Rami’s thirteen-year old daughter, Smadar was blown up by a Palestinian suicide bomber while out shopping with her friends, while Bassam’s ten year old daughter, Abir, was shot by an Israeli policeman while out buying candy with her friends near her school. From these two true stories, McCann has created a wonderful, hard-hitting yet tender novel, that seems to respect both traditions, cultures and religions.
The two men join a fellowship for parents of who have lost children to the conflict. They become friends. They share their stories together. They find that they understand each other on the deepest human level. It is as if they choose to become brothers.
Each man rows against the current of public opinion on their side of the fence in order to embrace the truth on the other side of the fence. In this way, instead of remaining small and insignificant cogs in a war machine, they become giants in the creation of peace and understanding.
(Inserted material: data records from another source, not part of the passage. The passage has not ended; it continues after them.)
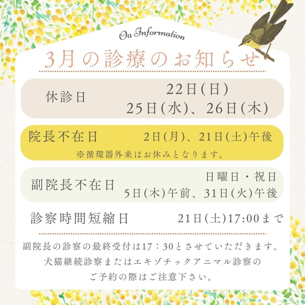 循環器外来は院長、エキゾチックアニマル外来は副院長の担当となります。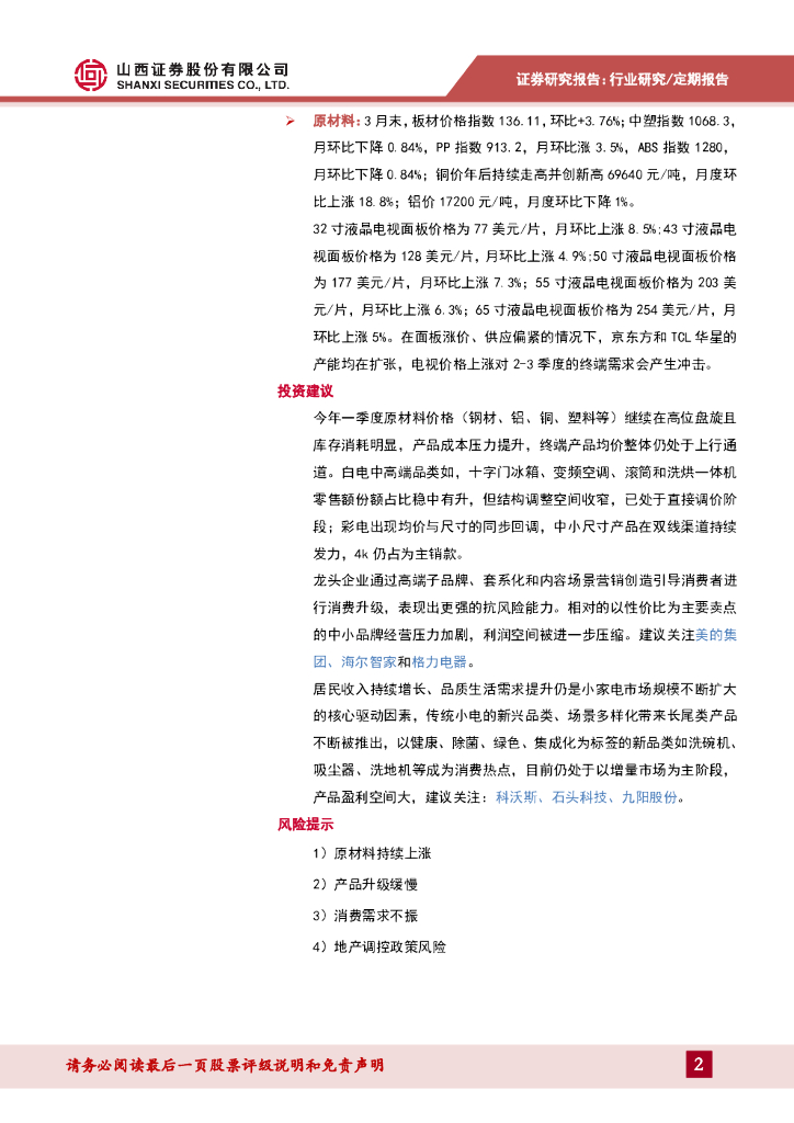 山西证券:家电行业月报:原材料价格高位盘桓,龙头企业强者恒强.pdf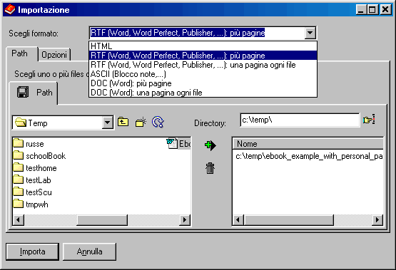 Html e Rtf, ad esempio da MSWord o Word Perfect.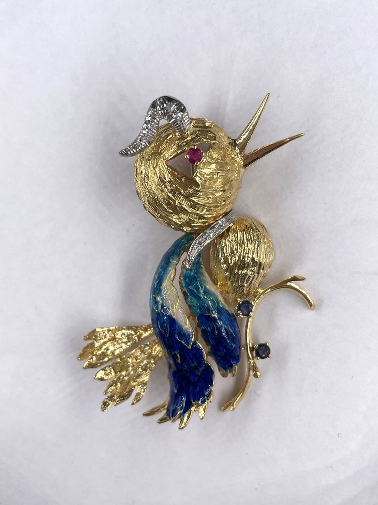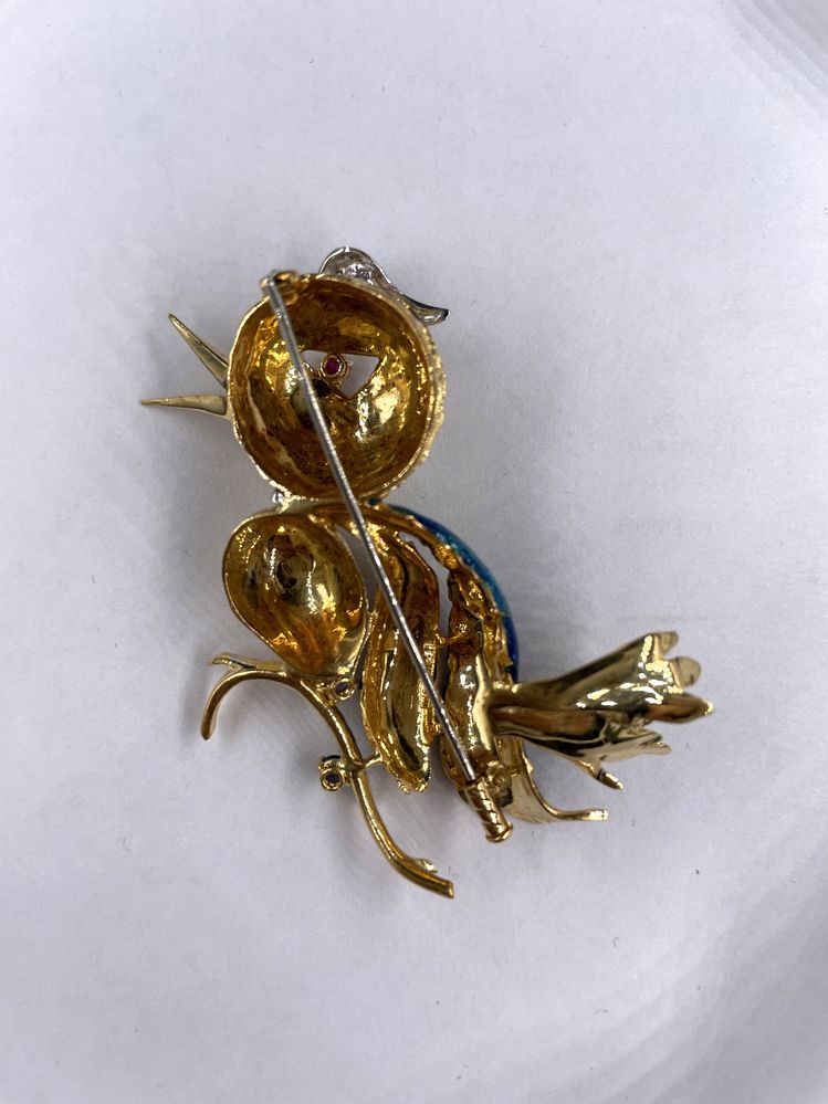 SPILLA IN ORO GIALLO, SMALTI, DIAMANTI E RUBINO. Modellata a foggia di uccellino, con piumaggio in smalti policromi a fuoco, dettagli definiti da piccoli diamanti e un rubino. Peso complessivo 22,67 grammi.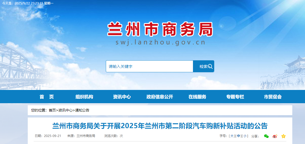 为贯彻落实《兰州市2025年提振消费专项行动实施方案》,激发汽车消费市场活力,兰州市商务局决定启动2025年兰州市第二阶段汽车购新补贴活动,现将有关事宜公告如下。
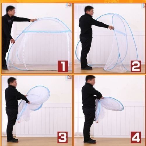 Fold-able Mosquito Net Tent helps keep you and your loved ones from mosquito, insects and dust particles all through the night/day. It is also very handy and useful for camping and outdoor events.Prevention of malaria is now attainable with this fold-able mosquito net as mosquitoes have become resistant to most insecticides, hence having this Mosquito Net makes a good night rest possible without having to endure the torture of mosquito bites or the annoying buzz. Just zip and get into the tent and zip out mosquitoes from the inside.This mosquito net is made for the bigger sized beds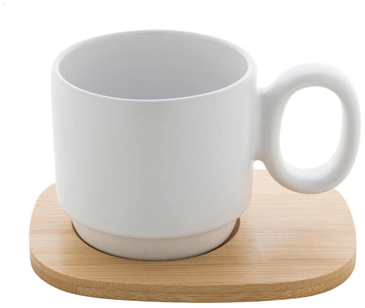 Vysoce kvalitní keramický hrnek s matným vnějším a lesklým vnitřním povrchem. Včetně bambusového servírovacího podnosu. 220 ml. V krabičce z kraftového papíru.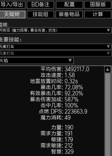 1)只考虑常驻BUF。包括暴击球、感电、致盲、冰缓、点燃、近期未打出暴击、召唤物、元素之相。单次200w,每0.32秒1次,一次2个地雷,1200w对岳父dps。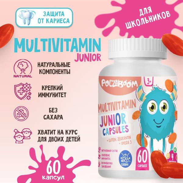 Keywords: children's vitamins, kids multivitamin, lutein for kids, omega-3 for kids, vitamin D3 for kids, vitamin A for kids, vitamin E for kids, vitamin K2 for kids, eye health supplements for children, brain development supplements, children's immune support, POLZABOOM, child health, healthy growth, cognitive development, allergen-free vitamins, sugar-free vitamins, natural children's vitamins.
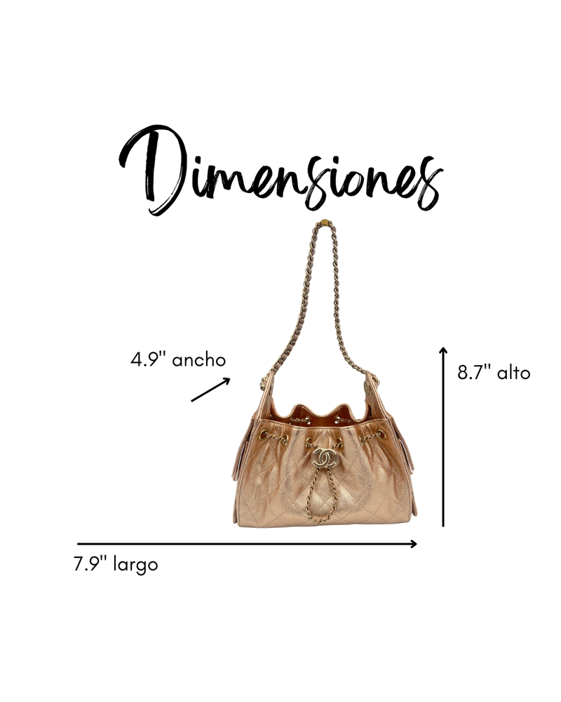 Bolso compacta tipo hobo, elaborada en un acabado metálico rose gold. Su estructura combina suavidad con firmeza , e incluye el distintivo cierre con logotipo al frente como punto focal. Cuenta con una correa de cadena entrelazada con cuero que permite llevarlo al hombro, y un interior diseñado para lo esencial.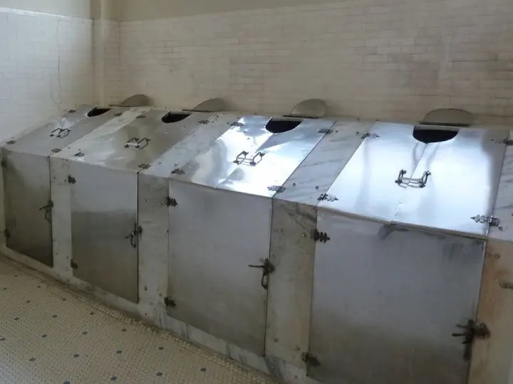 I am strictly a shower type of guy. The concept of spending time very slowly dissolving in a tub full of hot water sounds like some kind of cruel punishment to me. And I don't care if the said water is warmed geothermally and flows directly from a hot spring. I'll happily swim and dive (both risky propositions in the tubs, even the big ones), but just sitting and relaxing for hours sounds painfully boring. However if you don't mind being submerged and massaged by a bath assistant with a scary looking loofah, which you can supposedly take home later (the loofah not the assistant), there are still some bathhouses open. If you don't quite know how to use public bath, National Park Service shows you a film from the 70s (at least judging by the hair styles) to get you comfortable with the idea. The movie is full of clever shots and manages to be lewd without showing much skin. No one will be offended if you wear a bathing suit, it patiently explains. And in case you are wondering: the original whirlpool does look like a giant egg beater with which you have to share the tub. Very scary.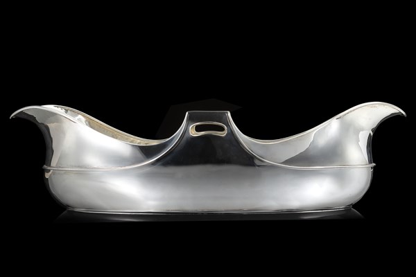 Centrotavola in argento liscio di forma sagomata a due prese con interno martel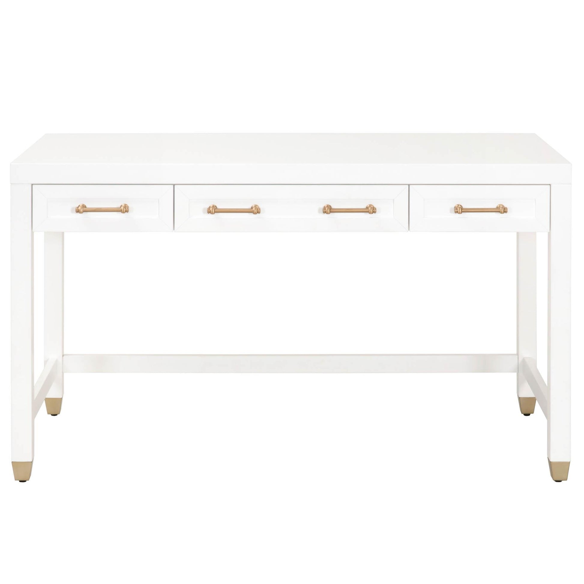 Elevate your home office or bedroom with the Stella Desk . This chic desk is an ideal working space with transitional style. It showcases a light honey finish accented with brushed brass handles and feet, effortlessly adding a touch of elegance to any room. Constructed from solid oak wood and oak veneer, with steel hardware, this desk is designed to provide long-lasting durability. Measuring 54" wide, 27.5" deep, and 31.5" high, it offers ample space for all your work essentials, and the finished backside allows for versatile placement within your room. The three storage drawers are equipped with full-extension metal glides, allowing for easy access to your supplies, and the hold-in detent prevents drawer roll-out for secure and stable use. Enhance your productivity and interior style with this exquisite and practical desk.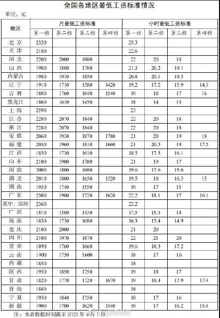 人社部網(wǎng)站近日發(fā)布了全國各地區(qū)最低工資標(biāo)準(zhǔn)情況(截至2023年4月1日),15個(gè)地區(qū)月最低工資標(biāo)準(zhǔn)在2000元及以上。其中,上海以2590元仍居榜首。其次是深圳,月最低工資標(biāo)準(zhǔn)達(dá)到2360元。北京排第三,月最低工資標(biāo)準(zhǔn)達(dá)到2320元。從小時(shí)最低工資標(biāo)準(zhǔn)來看,北京小時(shí)最低工資標(biāo)準(zhǔn)為25.3元,為全國最高。
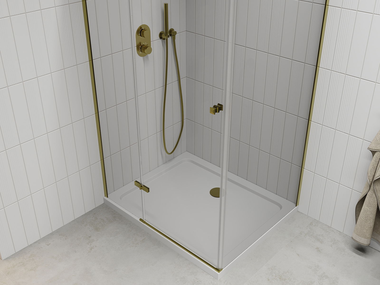 A pega prática e confortável foi feita de metal durável e resistente. A forma moderna combinada com o acabamento ajustado à cor dos perfis confere a todo o conjunto uma aparência moderna e estilosa, realçando a estética de qualquer casa de banho.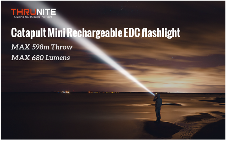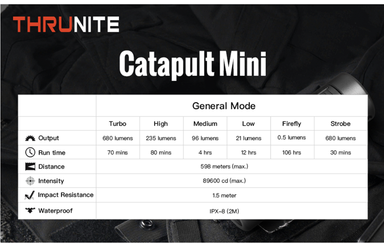 Catapult Mini uses a rechargeable lithium battery and utilizes an improved OSRAM KW.CSLNM1.TG LED, producing a maximum of 680 lumens for up to 653 yards/598 meters of throw.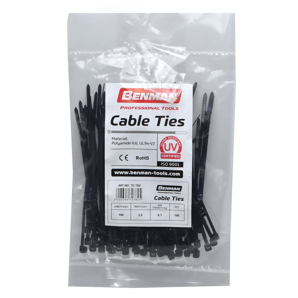 CABLE TIES, BLACK, BENMAN, 100mmX2,5mm (100pcs)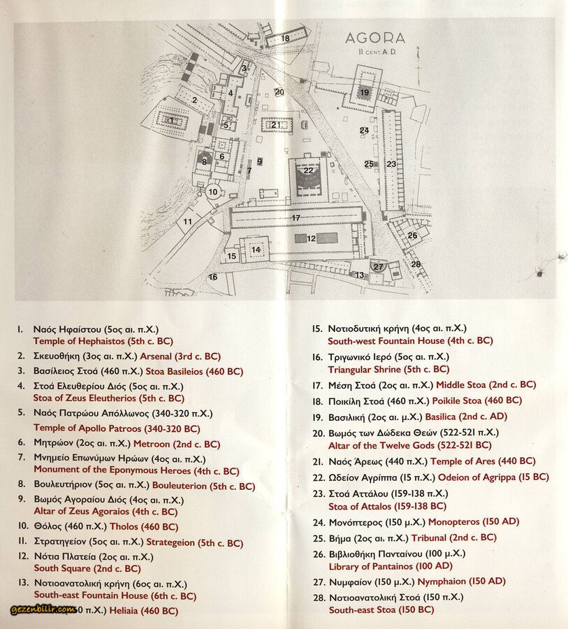 Saat 15:00’ i geçtiği için Hadrian Kütüphanesi kapalı. O zaman hedef Ancient Agora, yürüyerek varıyoruz. Kombine biletlerimiz burada da geçerli. Kombine bilet ile beş gün içerisinde her yere girebiliyorsunuz ama birer kere girme şansınız var. Gerçekten çok yorulduk, yoksa burayı yarım bırakıp yarın devam ederdik. Girdik bir kere bitireceğiz mecburen. Büyük bir alan (Broşürden görebilirsiniz) Hemen hemen her yerini dolaşıyoruz ama biz de bitiyoruz, 22,000 adım atmışız bu sıcakta şu ana kadar. Söyleniyor ama Ada’nın bizimle bu kadar yürümesine şaşırıyorum. Alışıyor sanırım.
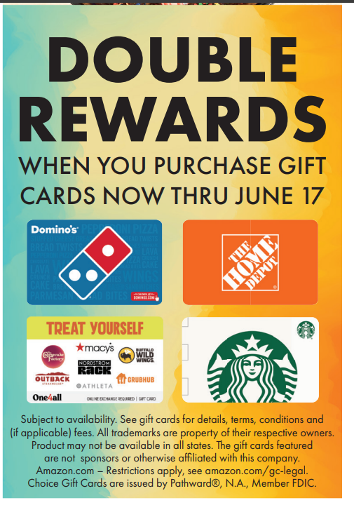 - Purchases of Buehler’s Gift Cards, money orders, Visa and other prepaid reloadable gift cards, purchases from Ace Hardware, fundraising activities are excluded from earning Rewards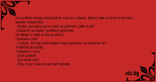 Un politist merge imbracat in civil la o stana. Stiind cate oi sunt in turma ii spune ciobanului: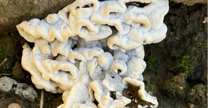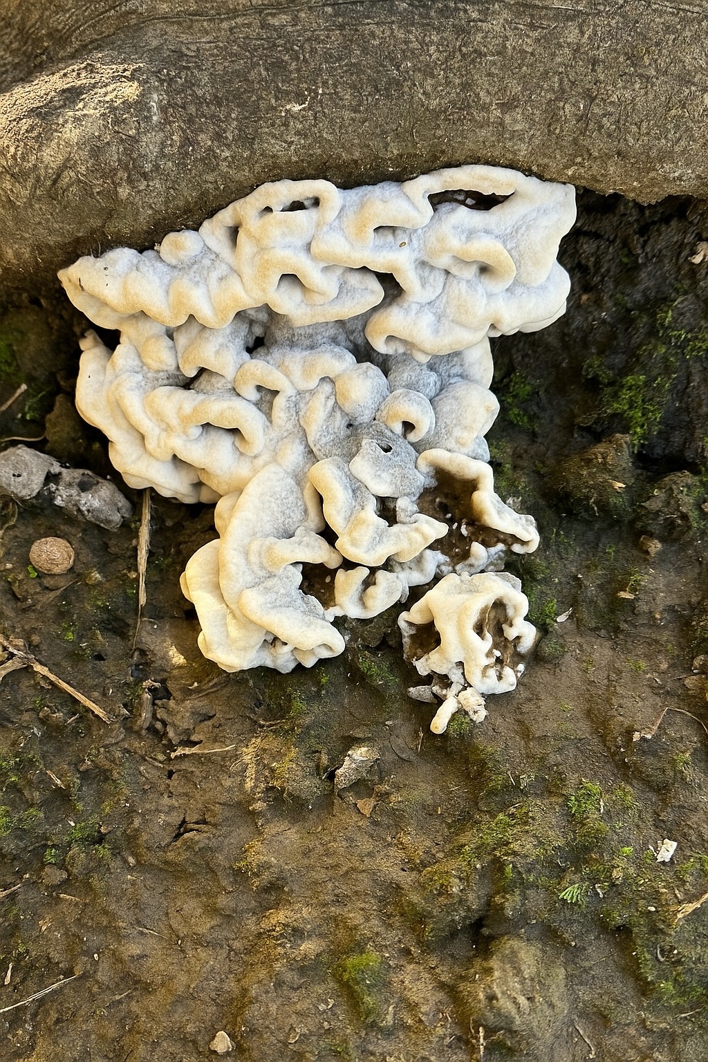 Its bright white colour, which in places turns into a soft cream shade, contrasts sharply with the dark brown bark and damp soil around it. The fungus seems to grow directly out of the wood, repeating the natural lines, depressions and protrusions of the root.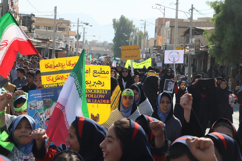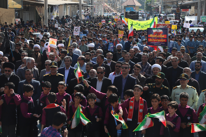 این راهپیمایی از ساعت ۹ صبح در چهارراه پیروزی شهرقدیم لار آغاز شد و شرکت‌کنندگان با در دست داشتن پلاکاردها و سردادن شعارهای انقلابی، انزجار خود را از سیاست‌های استکباری جهان اعلام کردند.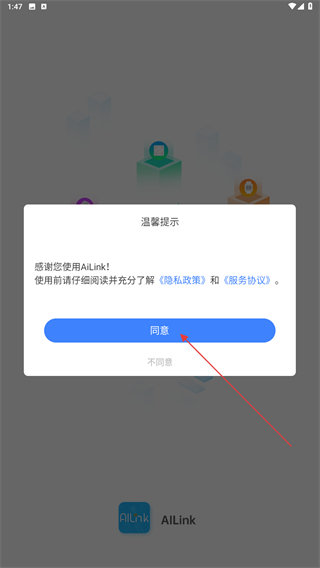 1、打開ailinkAPP,進入時會彈出溫馨提示,閱讀后點擊同意的按鈕。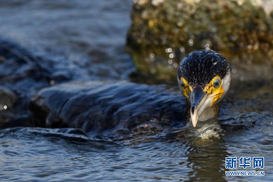 12月20日,一只鸕鶿在科威特杰赫拉省海邊覓食。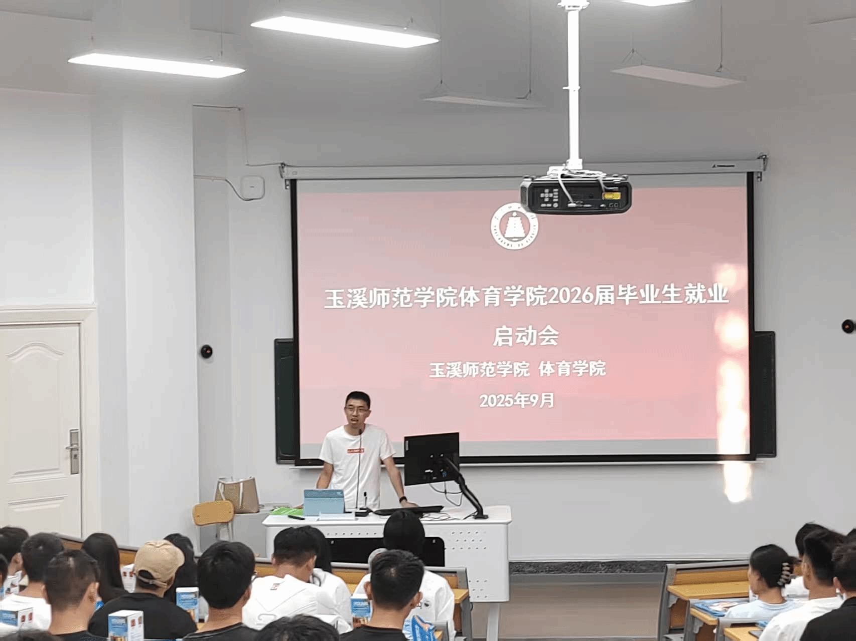 2025年9月4日晚19点,体育学院在7教博思馆隆重召开了2026届毕业生就业启动会,标志着学院正式拉开新一年度毕业生就业工作的序幕。学院教师董诗稳、李方辉、毕业班班主任及2026届毕业生参加了此次会议。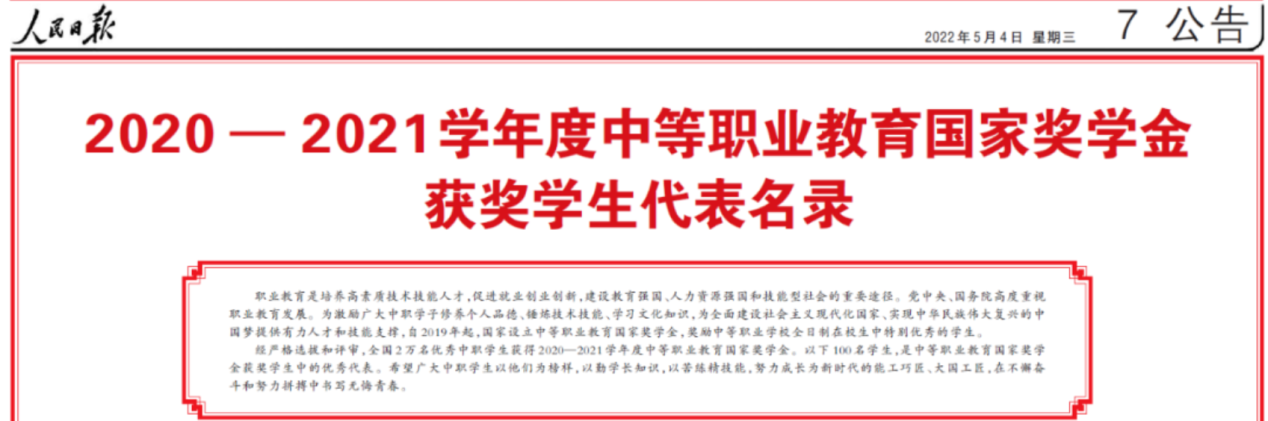 伟德官网高二二班唐云鹤同学,通过严格选拔和评审,被评选为全国优秀中职学生,获得2020—2021学年度中等职业教育国家奖学金,并作为中等职业教育国家奖学金获奖学生优秀代表登上《人民日报》。

Yet Rami and Bassam are nothing without their wives, Nurit and Salwa. Each woman develops a uniquely intimate understanding of her husband. The solidness of this love encourages each man to become free to reach the best of himself.
The novel places Rami’s and Bassan’s stories in an evolving political and ecological drama. The tragic history of both nations is remembered and the geography of the land is nurtured. In this way, the novel becomes an extraordinary hymn of hope arising from the ashes of the most violent and intractable conflict on the planet. The novel draws the key to the Kingdom in lyrical prose.
If you read one book in 2021, Apeirogon is the book to read. Gabriel Byrne is right. This is Colum McCann’s masterpiece.